Once, Tampa Bay was a melting pot for developing huge trends in radio, from the cheeky "morning zoo" idea started at WRBQ in the '80s to signature skills like Glenn Beck, Lionel and Scott Shannon.
today, name performers like Mahaffey and onetime WMTX-FM star Nancy Alexander have been downsized while younger abilities struggle for new possibilities.
"The business ate itself," declared Dixon, who latterly hosted a reunion of personalities from WRBQ's nadir on his morning show. "At one point, we had between seventy and 80 workers at Q105. There are at present 5 full-time workers, not counting the sales staff, and three of them work on the morning show."
Longtime Tampa Bay area radio character Jack Harris makes a distinction between shows that mostly feature talk like his AM Tampa Bay program with Tedd Webb on WFLA-AM (970) and music shows starring personalities. The new ratings technology has forced more focus, he announced, as fans of music radio migrate to stations with a minimum of talk. He fears that radio will founder without the bond that local DJs provide.

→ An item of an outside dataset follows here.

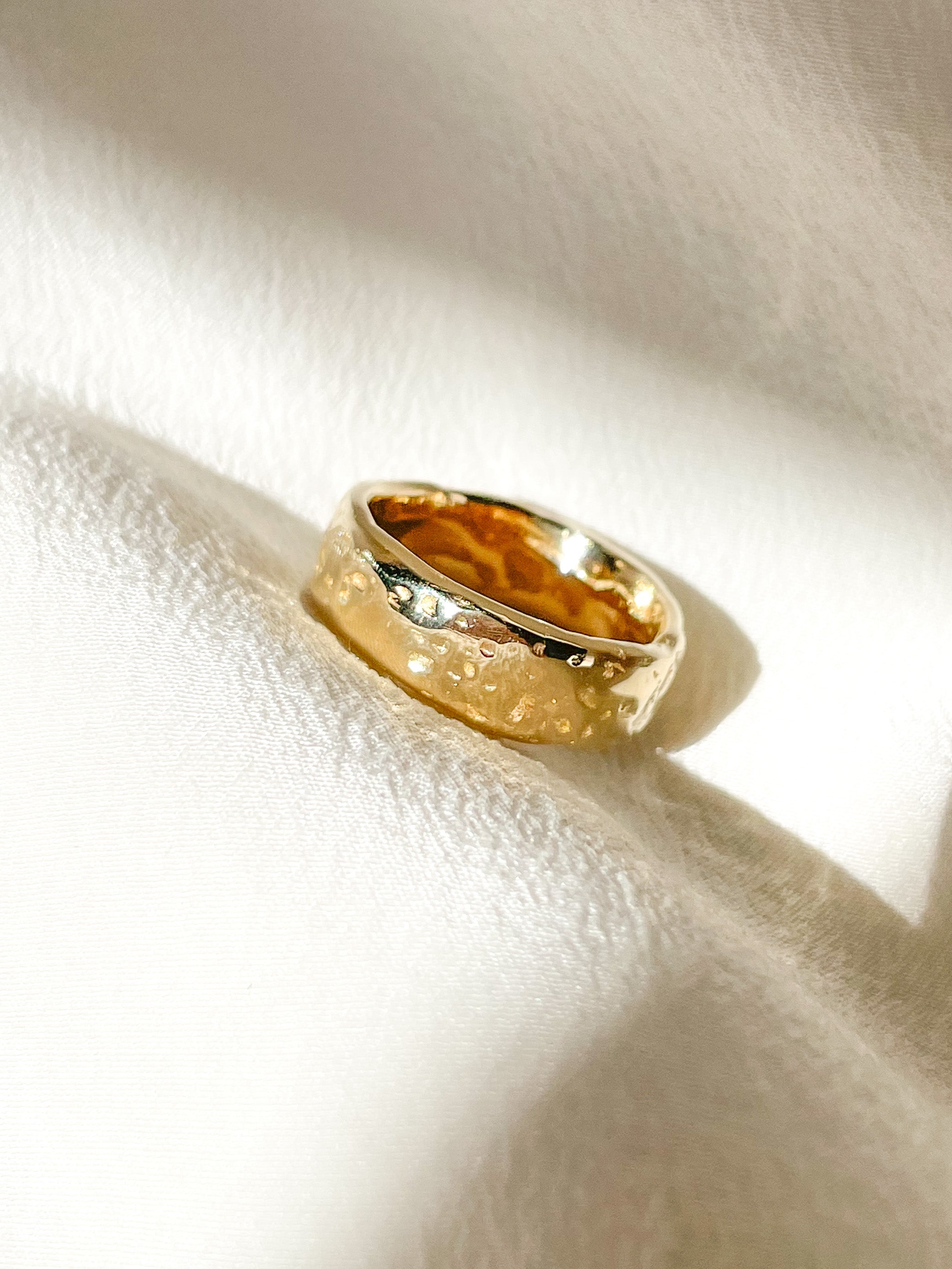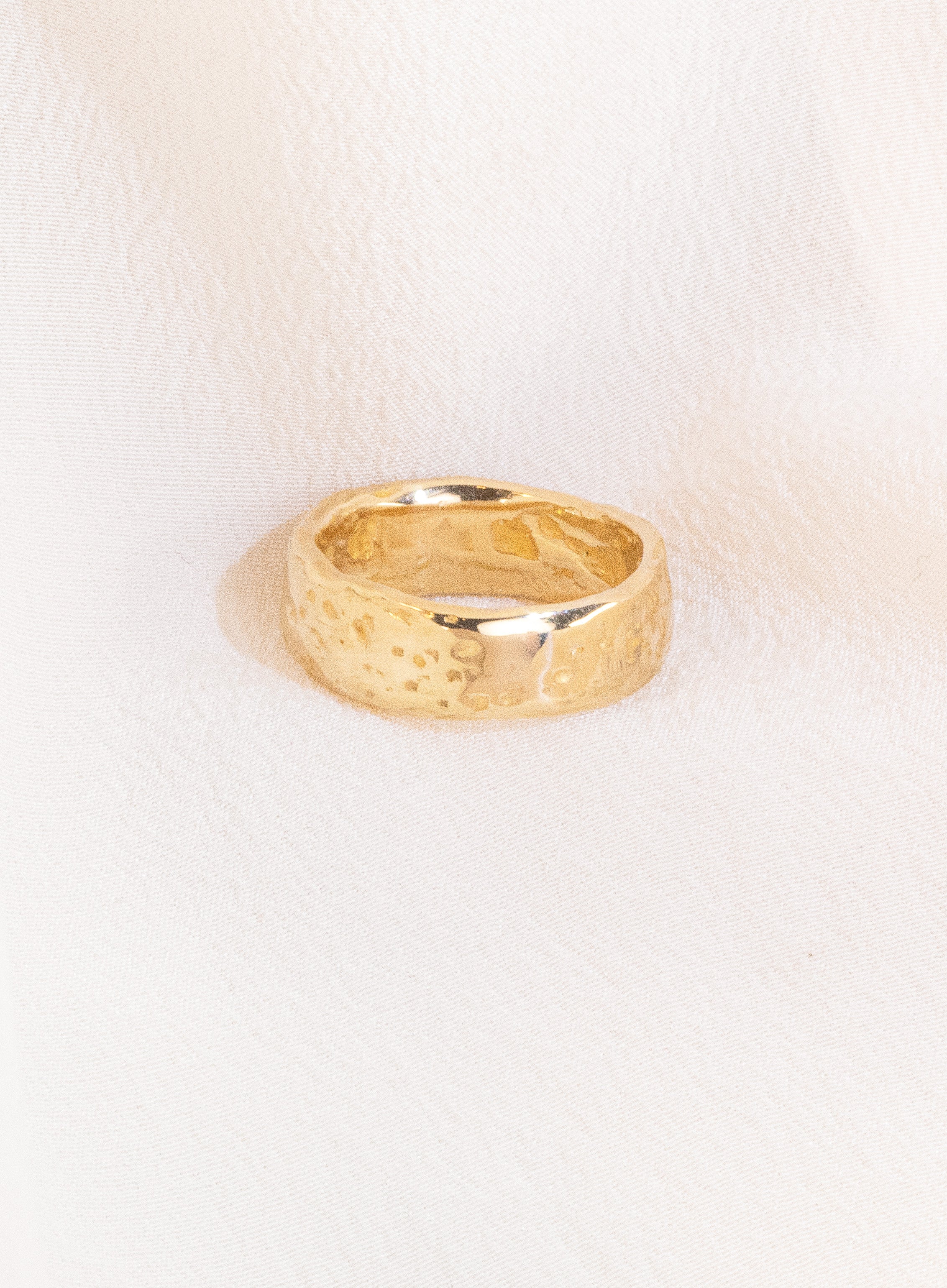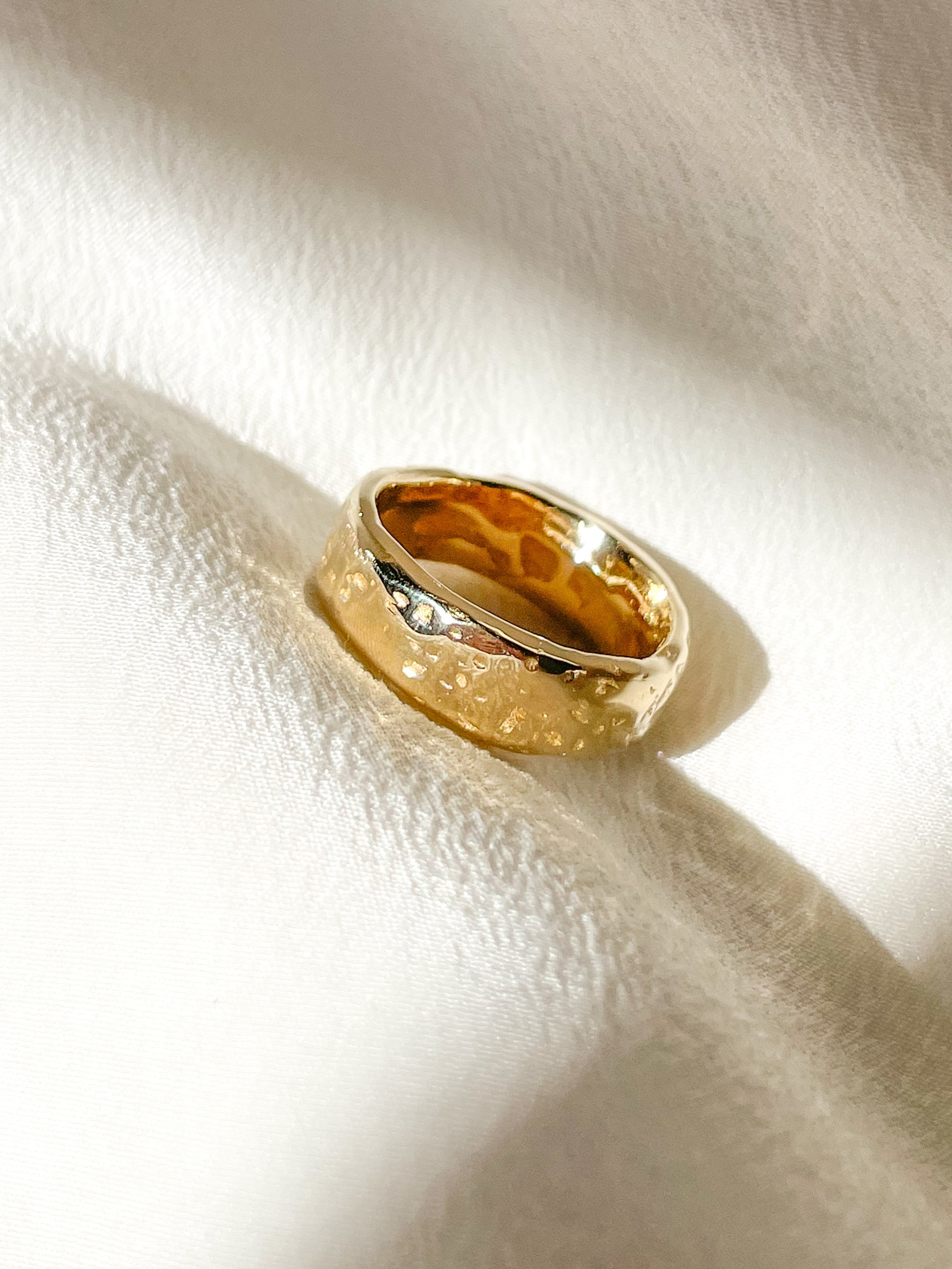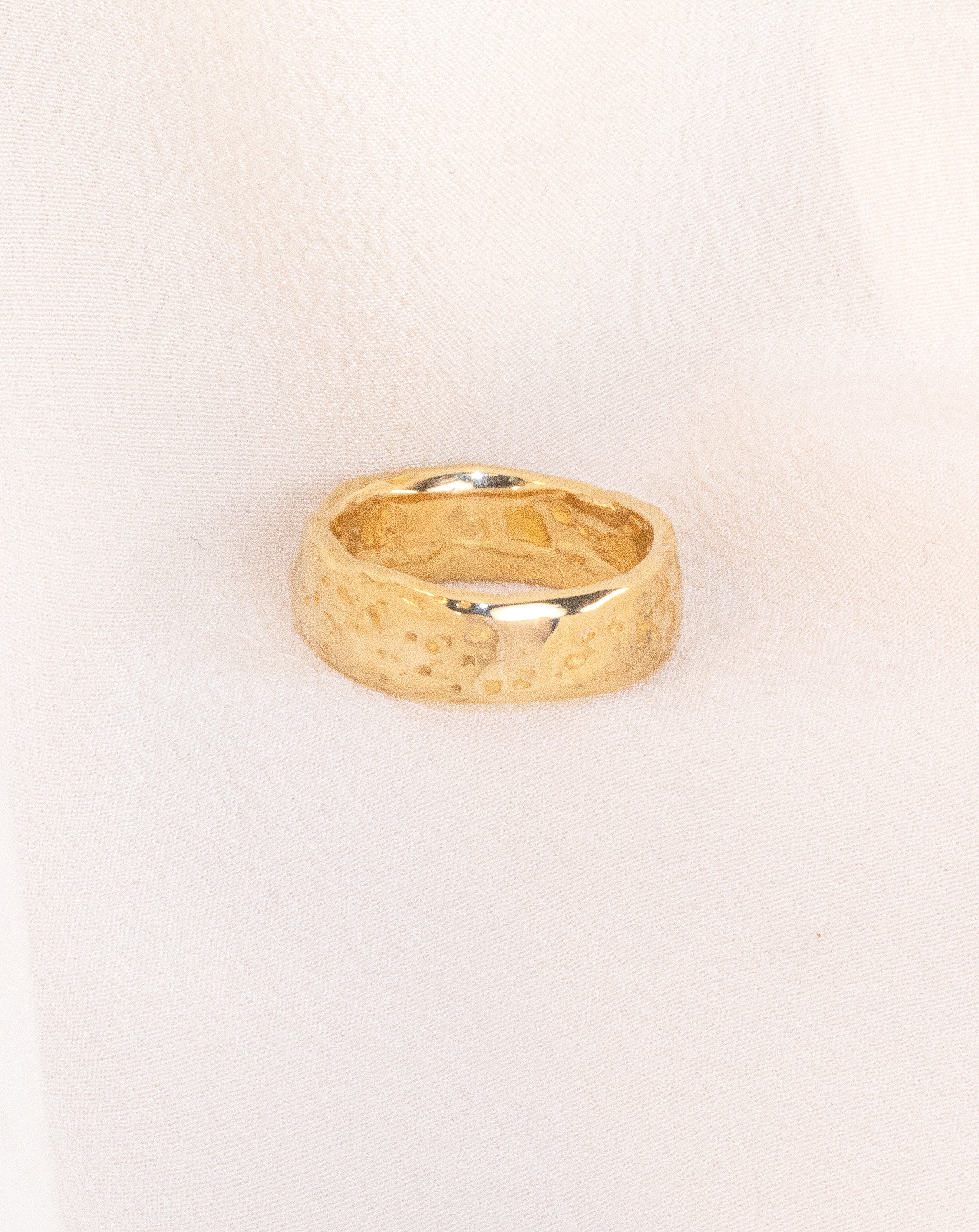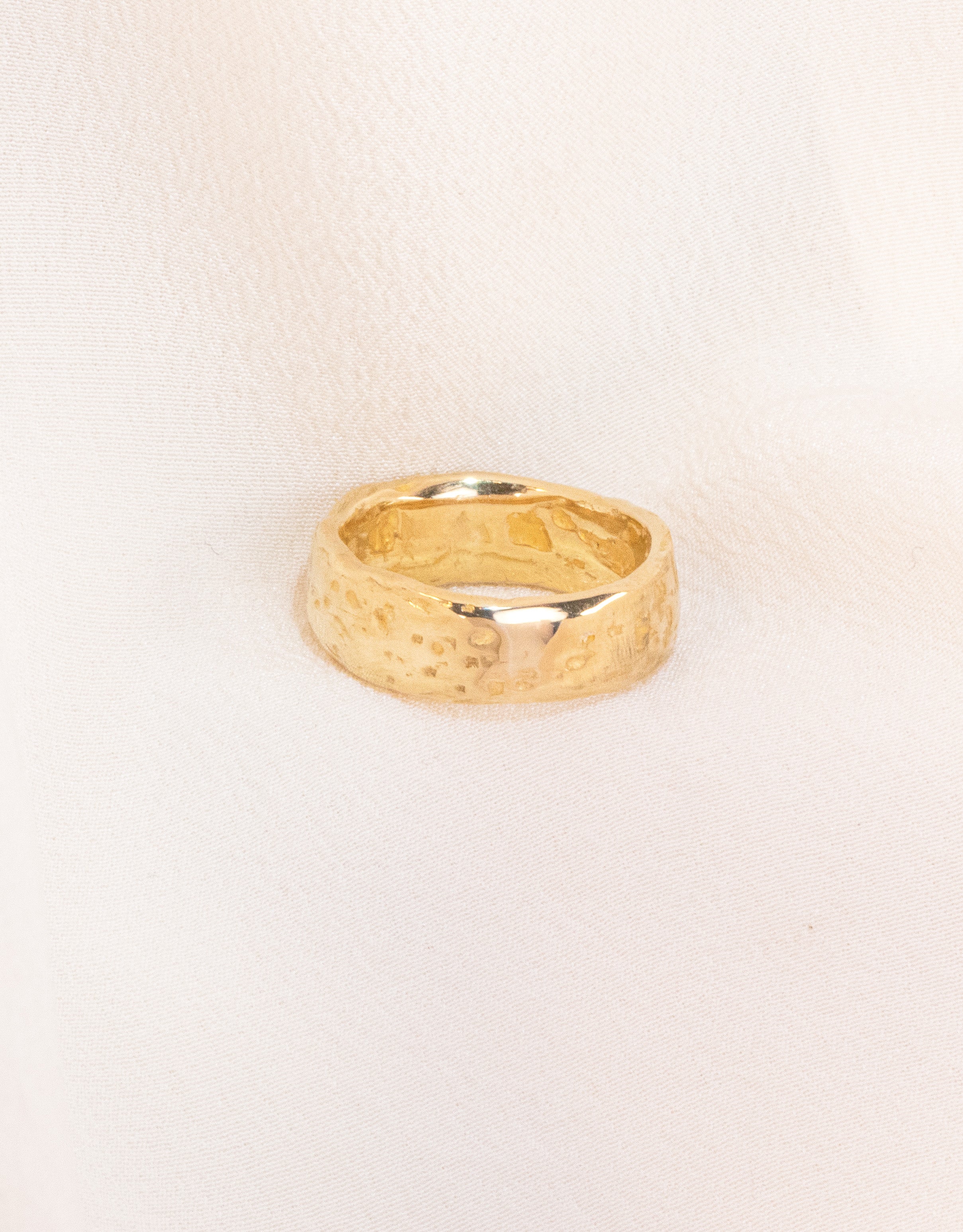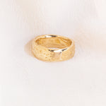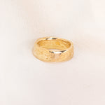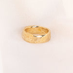 Hand-carved texturized band available in solid 14k Yellow, White, or Rose Gold.

"People don't say, 'I listen to (WHPT-FM) the Bone' ; they say, 'I hear Bubba the love Sponge or I listen to MJ, '" Harris expounded. "But if the firms are disloyal to the personalities, listeners will be faithless to (the stations) ."
Still, there's one radio star who doesn't see much issue with the present transition : top-rated WHPT morning character Bubba the Love Sponge Clem.
"Big personalities will always have a spot. And your ratings control your destiny," said Clem, who was fired by Clear Channel in 2004 after earning record indecency fines and returned to Cox Radio's WHPT with a show more concentrated on talk about politics, sports and crime. "It's raised the stakes, but if you're good and classic and can hold an audience, you'll be okay. " as reported tagza.com.